悲しき日本人の父親といった感じのお弁当ですね。

「お兄ちゃん、これお弁当。ポットにはとろろ汁が……」

 玄関から我聞に声を掛けようとした時、番司の声が聞こえてきました。

「……國生さ……かわい……よな」

(え?今、番司が國生さんって言ってた?なんで?……まさか薬の効果切れちゃったの?)

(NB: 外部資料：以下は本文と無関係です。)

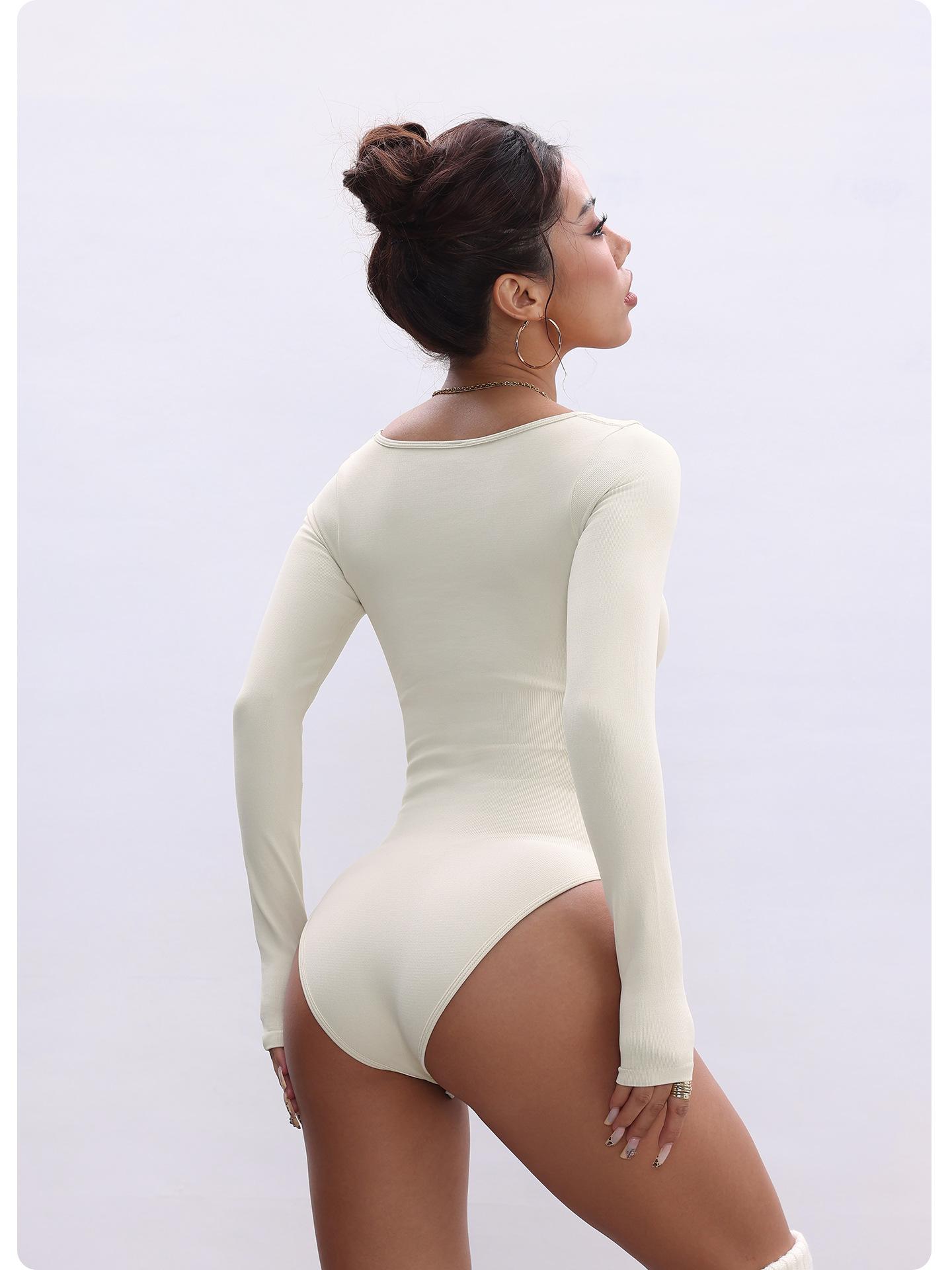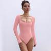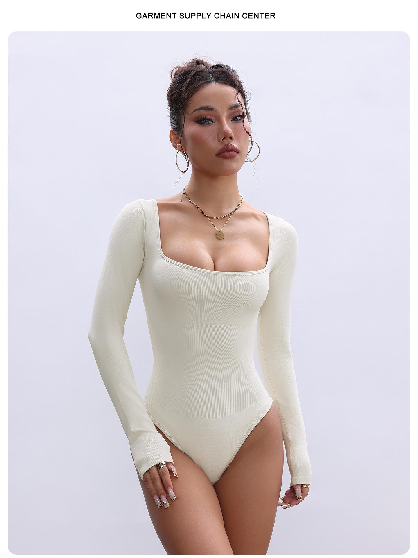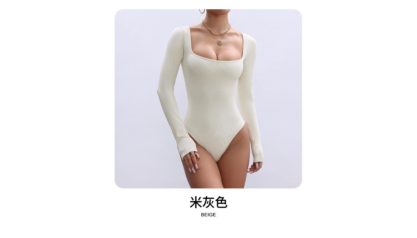 Body de Yoga Seamless Transfronterizo Europeo y Americano para Entrenamiento, Acanalado, Adelgazante de Cintura, Deportivo de Manga Larga

 恋人の番司が以前の思い人の名を言ったことに愕然とします。

(なんて言ったの?『國生さ…かわい……よな』って言ってたよね?)

 真っ青になった果歩の脳裏には、最悪の言葉が浮かびました。

(『國生さんってかわいいよな』って言ったんだ。……あはは、遅かったんだ。……薬、切れちゃってたんだ)

 目からは涙が溢れ出します。

(もうアタシの事かわいいって言ってもらえないんだ……もう、無理なんだ)

 果歩はお弁当を玄関に置き、自分の部屋にこもりました。